**WORK ORDER:** Each line from the one with "大放出!75%オフで送料無料" through the last line below must be written out exactly. Do not copy pictures.

**GIVEN INFORMATION:**

______

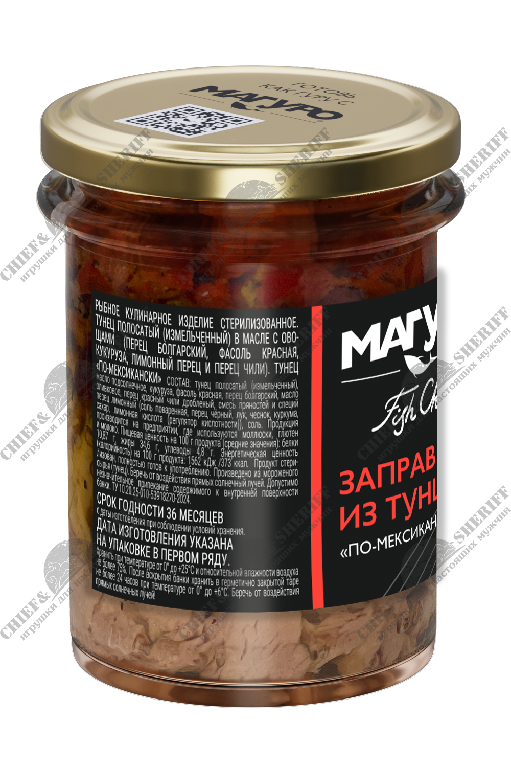 Состав продукта: тунец полосатый (измельченный), масло подсолнечное, кукуруза, фасоль красная, перец болгарский, масло оливковое, перец красный чили дробленый, смесь пряностей и специй перец лимонный (соль поваренная, перец чёрный, лук, чеснок, куркума, сахар, лимонная кислота (регулятор кислотности)), соль.
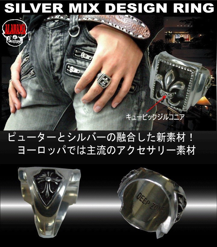 大放出!75%オフで送料無料!ピューターとシルバーの融合した、シルバーミックス・オリジナルリング。全く新しいアクセサリー素材です!ヨーロッパの方では最も主流な素材ですが、日本ではDeepZoneだけ。【素材】シルバーミックス(シルバー+ピューター)ジルコニア(石)【サイズ】16号・18号・20号・22号
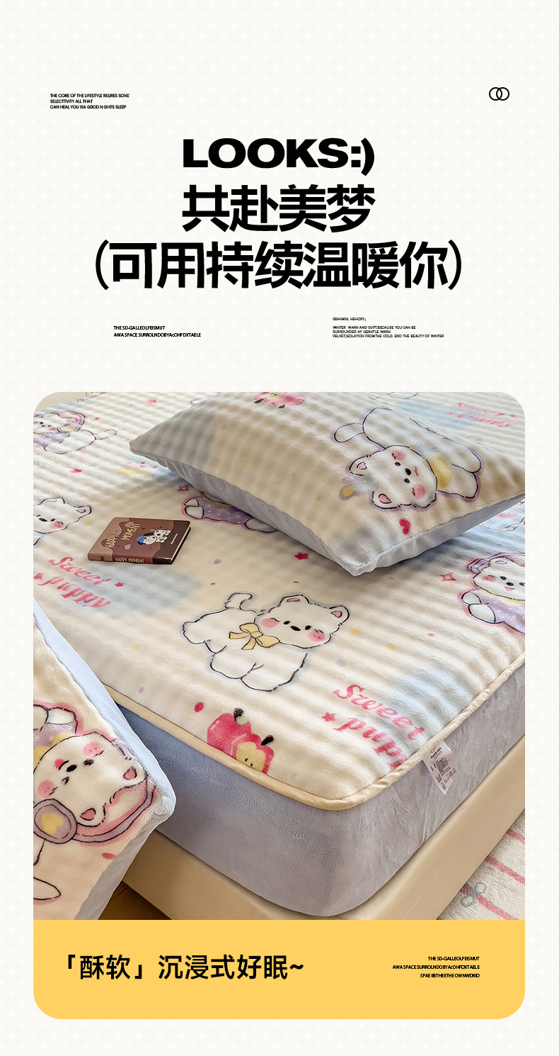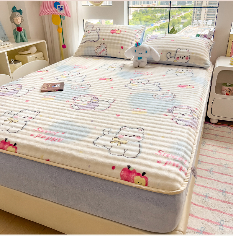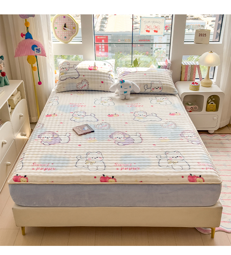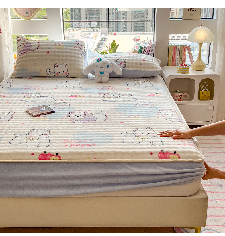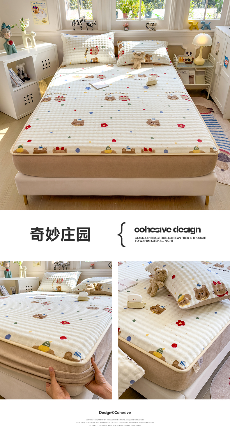(总)摩妮卡 2025新款加厚保暖牛奶绒夹棉绣花床垫三件套,呆呆熊-蓝,呆呆熊-黄,呆呆熊-咖,Kitty猫-白,Kitty猫-粉,Kitty猫-紫

______

**WORKED SOLUTION:**
 大放出!75%オフで送料無料!ピューターとシルバーの融合した、シルバーミックス・オリジナルリング。全く新しいアクセサリー素材です!ヨーロッパの方では最も主流な素材ですが、日本ではDeepZoneだけ。【素材】シルバーミックス(シルバー+ピューター)ジルコニア(石)【サイズ】16号・18号・20号・22号
(总)摩妮卡 2025新款加厚保暖牛奶绒夹棉绣花床垫三件套,呆呆熊-蓝,呆呆熊-黄,呆呆熊-咖,Kitty猫-白,Kitty猫-粉,Kitty猫-紫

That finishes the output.